• TASK BRIEF:
Copy each line of the data below exactly, leaving out pictures.

• RECORDED DATA:

* * * * * * * * *

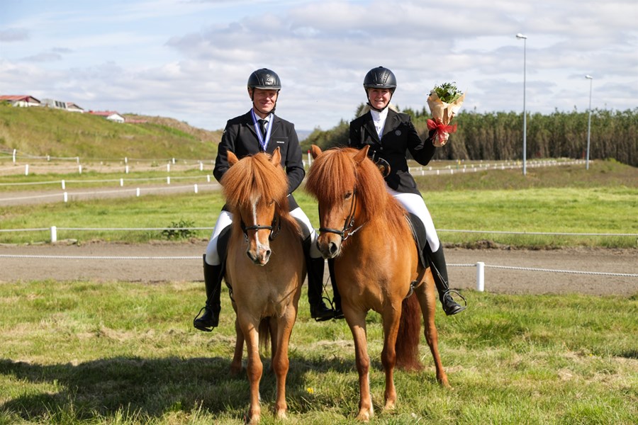 Agnar Þór Magnússon og Birna Thorlacius Tryggvadóttir á Aðalheiði og Afródítu frá Garðshorni á Þelamörk, sem voru meðal þriggja efstu fjögurra vetra hryssa í ár.
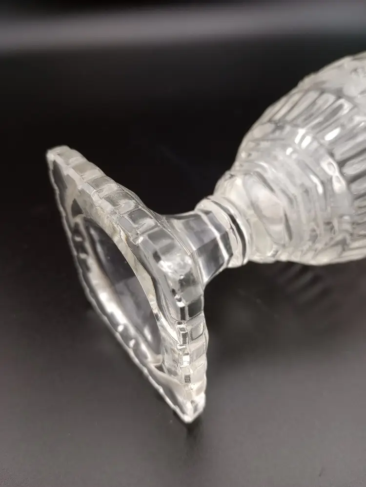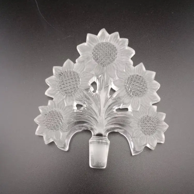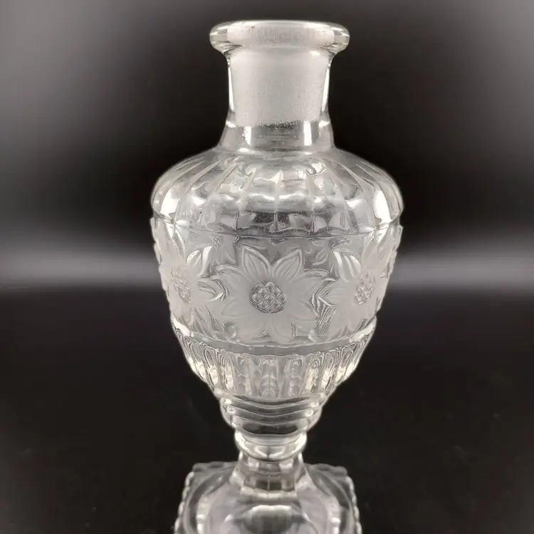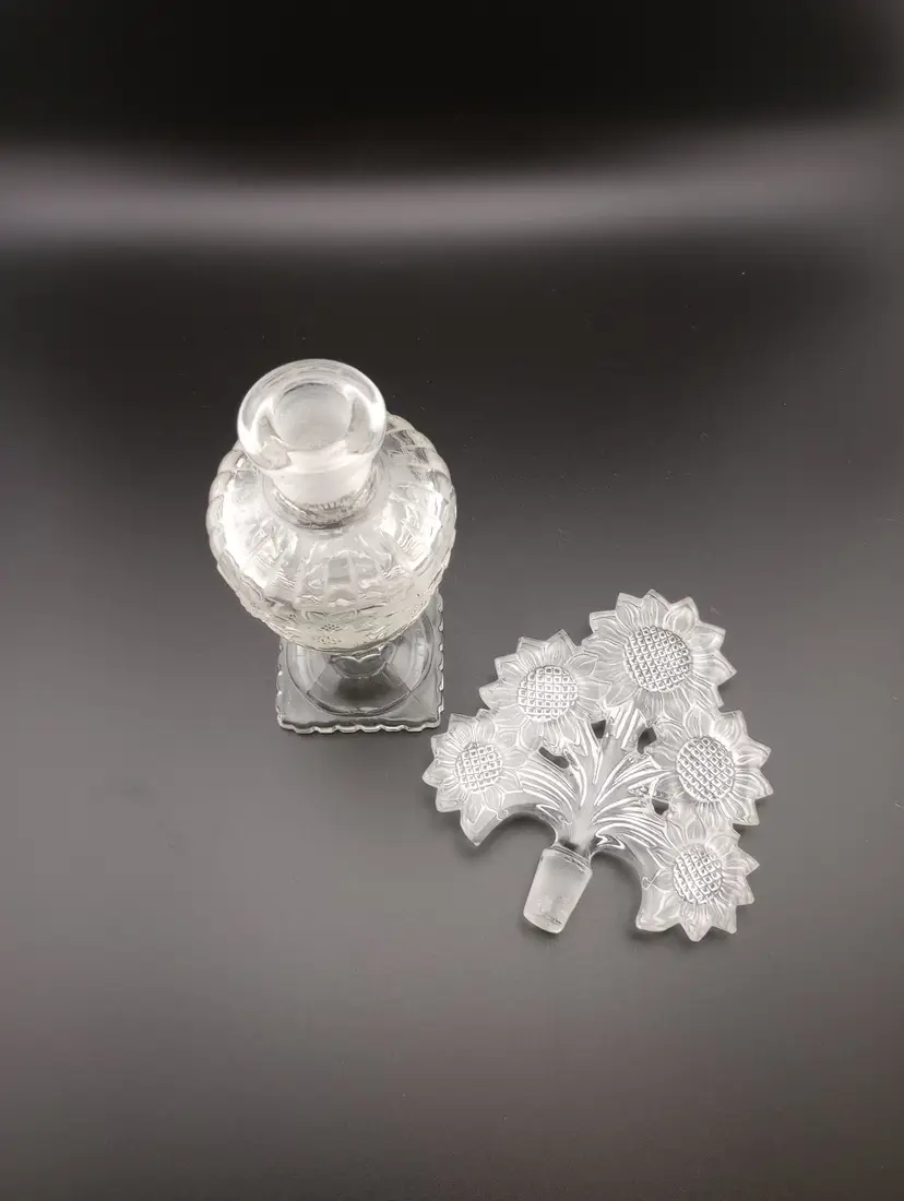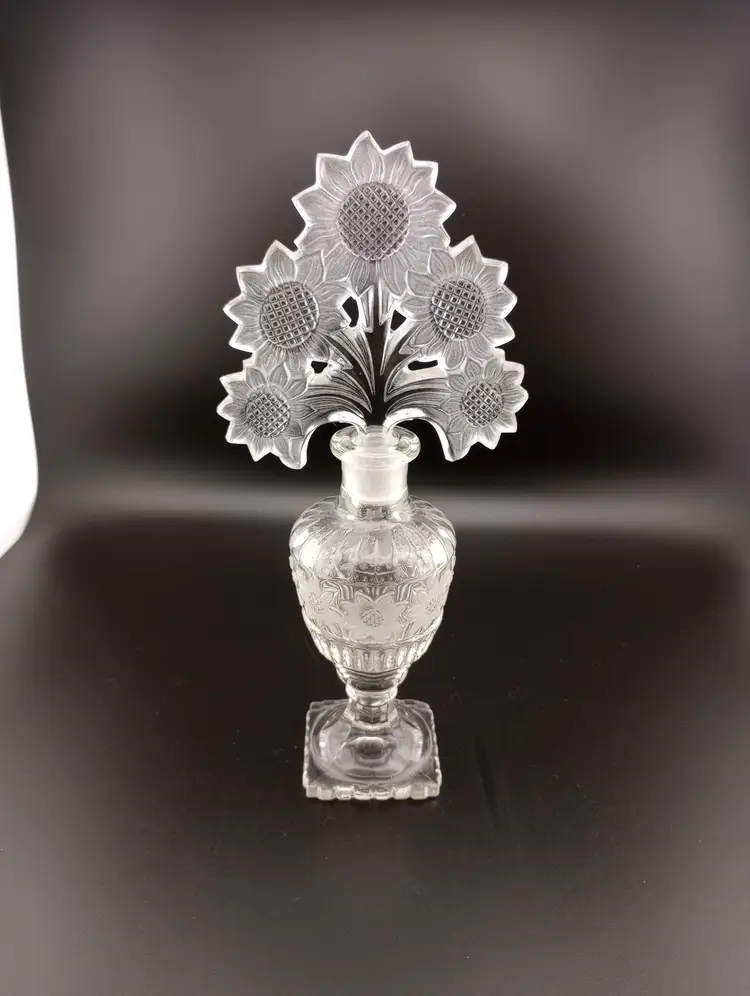 This piece is spectacular. A vintage perfume/cologne bottle from Imperial Glass in a sunflower pattern. The stopper is an amazing spray of sunflowers, carved on one side, flat on the other. At over 10" tall, it makes quite a statement. It's in good vintage condition with a chip on one of the petals.
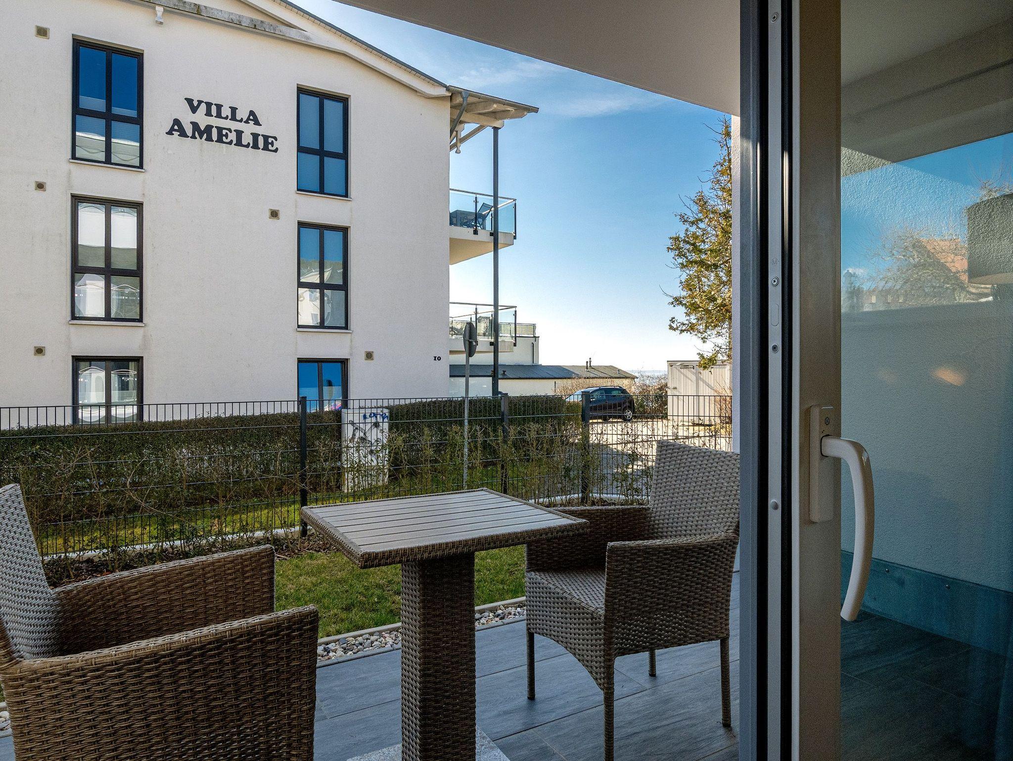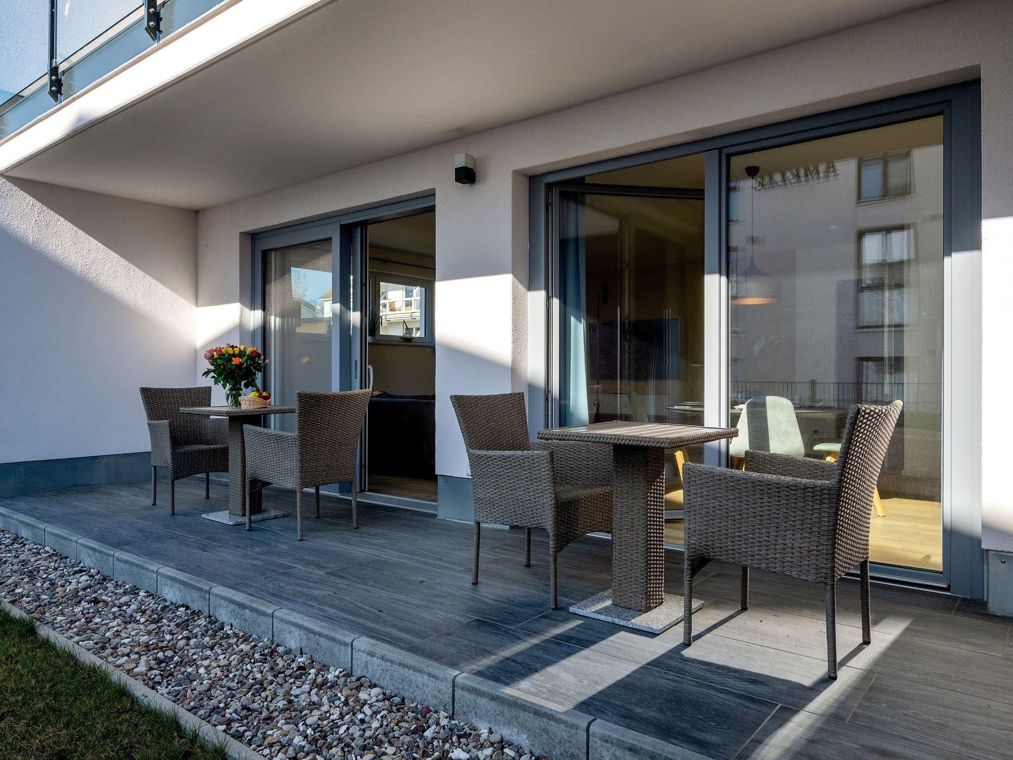 Moderne Ferienwohnung mit Meerblick, Balkon und hochwertiger Ausstattung in Sassnitz, nahe Ostsee und Stadthafen.
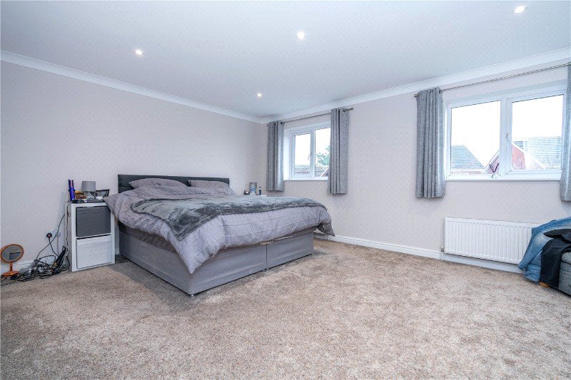 17' x 13' a superb principal suite entered via the DRESSING ROOM with dual hanging and bespoke shelving, the bedroom enjoys dual UPVC windows to the rear aspect, radiator, power points and ceiling spotlights.

* * * * * * * * *

• ANSWER FOR THE TASK:
 Agnar Þór Magnússon og Birna Thorlacius Tryggvadóttir á Aðalheiði og Afródítu frá Garðshorni á Þelamörk, sem voru meðal þriggja efstu fjögurra vetra hryssa í ár.
 This piece is spectacular. A vintage perfume/cologne bottle from Imperial Glass in a sunflower pattern. The stopper is an amazing spray of sunflowers, carved on one side, flat on the other. At over 10" tall, it makes quite a statement. It's in good vintage condition with a chip on one of the petals.
 Moderne Ferienwohnung mit Meerblick, Balkon und hochwertiger Ausstattung in Sassnitz, nahe Ostsee und Stadthafen.
 17' x 13' a superb principal suite entered via the DRESSING ROOM with dual hanging and bespoke shelving, the bedroom enjoys dual UPVC windows to the rear aspect, radiator, power points and ceiling spotlights.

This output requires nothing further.